А ведь им превосходно известно, что на дипломатическую службу Пол Пот назначал только тех, кто имел достаточно долгий стаж службы «на переднем крае», ибо от сообщников можно ждать полной лояльности. Лощеные дипломаты поработали когда-то, надо думать, с автоматами в руках или мотыгой, которой разбивают черепа. Меж ними нет таких, кто убивал бы «всего лишь» росчерком пера и не участвовал действием в «строительстве нового общества». Надо бы поспрашивать этих людей насчет подробностей их биографии, точно выяснить даты и места, где они были. Надо бы с невинным видом спросить их: собственноручно они ликвидировали католических священников и буддийское духовенство или. «только» надзирали за ходом «окончательного решения», выбирая места для массовых могил и указывая движением руки, кому пуля, а кому мотыга.
Законность — это прекрасная вещь. Например, законный президент Германии фельдмаршал Гинденбург законно вручил власть законному канцлеру по фамилии Адольф Гитлер.

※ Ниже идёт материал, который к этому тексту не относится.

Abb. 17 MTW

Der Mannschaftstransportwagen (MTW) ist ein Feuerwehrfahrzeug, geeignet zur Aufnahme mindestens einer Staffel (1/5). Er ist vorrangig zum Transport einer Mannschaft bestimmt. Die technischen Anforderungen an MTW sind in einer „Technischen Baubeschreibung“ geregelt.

Законное правительство Гитлера создало законную государственную полицию, которая называлась гестапо, и в деятельность ее не должен был вмешиваться ни один сторонник невмешательства. Законное министерство законного правительства третьего рейха создало с полным уважением к закону законный концлагерь под названием «Аушвитц»[30], где служащие законного германского государства совершали разного рода действия, не выходящие из законных рамок суверенности. Более того, пребывание союзных войск на территории рейха было скандально незаконным делом, ибо никакое германское правительство не приглашало этих войск на свою территорию.
Безграничный цинизм, предельно произвольные представления об окружающем мире. Не буду утверждать, что на моем лице никогда не бывает гримасы равнодушия, что моя совесть абсолютно чиста. Только ведь я давно отказался от гордых претензий на непогрешимость любого отдельно взятого суждения. Все прочее — результат субъективного, добровольного выбора. Как и у тех, других. Речь идет о разнице между алгебраическими знаками, а не качественных различиях между моральными кодексами и нормами, которые ставят их якобы выше. Ничего подобного нет. Кампучия — лучшее тому свидетельство.

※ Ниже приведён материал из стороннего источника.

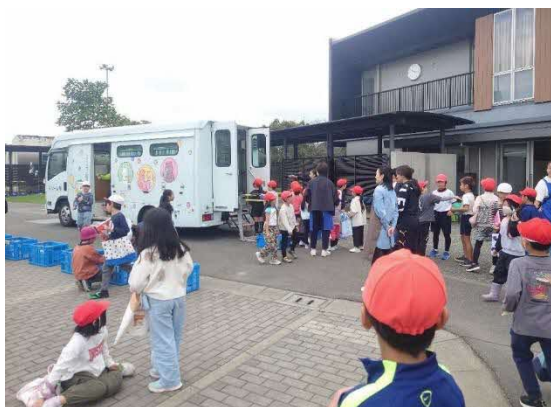
栗山小学校での巡回の様子。 多くの子どもたちが利用しています。

今後の展望： 令和 8 年度もさらなるステーション追加を検討中であり、公共図書館が「自ら出向く」ことで、利便性の高いサービスを提供してまいります。

Но я такой статьи не напишу. Они не соизволят дискутировать со мною о Пол Поте, а ловко подсунут другую тему, для них более выгодную. Нет смысла.
LXIV. На минуту — только на минуту, товарищи! — мы остановились в бывшем торговом центре города. Начальник охраны, измученный нашим непослушанием, в своей речи еще раз предупредил о возможных опасностях. Начали торговаться и договариваться. Удалось. На съемки было отведено двадцать минут.
Снять все это и описать было не так просто. Конусообразное здание главного торгового центра без людей и товаров выглядело как декорация фантастического фильма. Но снимок сам по себе всего не скажет, не передаст гнетущей тишины мрачных помещений, писка крыс, бегающих по пустым прилавкам и полкам, и атмосферы безнадежного ожидания того момента, когда здание заполнит веселая говорливая толпа. Лавки и базары Азии — это зрелище, которым можно бесконечно наслаждаться, праздник для глаз, ошеломительная пляска красок, жестов, звуков, движений. Надо это помнить, дабы ощутить всю тишь и пустоту безлюдного торжища. Недовольные операторы один за другим опускали камеры: для фильма это не подходит — пустое здание на экране так и останется пустым зданием.
Я снова пошел вдоль широкой улицы. По бокам тянулась длинная череда богатых, элегантных магазинов для «избранных десяти тысяч». И здесь товары были беспорядочно сброшены с полок, разбросаны по тротуарам, придавлены ливнями в сезон муссонов. Косметика и грампластинки, бумага и инструменты, вазы и одежда, посуда и ковры. Внутри каждого из магазинов разбитые электросчетчики, вырванная проводка, растоптанные лампочки. Ненависть к электричеству тут, как видно, граничила с паранойей. Каждый холодильник, вентилятор, пылесос, кофеварка, электроплитка, электрические часы были смяты и раздавлены. Количество стульев и диванов на тротуарах исчислялось сотнями: их стаскивали, наверное, с верхних этажей, не может быть, чтобы все они стояли раньше в одноэтажных лавках. Куда ни глянь, на пустых, залитых солнцем улицах красовались мягкие стулья и кухонные табуретки, удобные пуфы, металлическая дачная мебель, изысканного вида тахты, кожаные кресла. Засохшие желтые листья, папиросные окурки, скомканные магнитофонные ленты, любительские фото с чьими-то улыбающимися лицами, сухие иглы камфарных деревьев — все это забивалось в щели, собирало пыль и создавало атмосферу одновременно ужаса и скорби, абсолютной заброшенности и нереальности, какую увидишь только на картинах Макса Эрнста или Ива Танги[31].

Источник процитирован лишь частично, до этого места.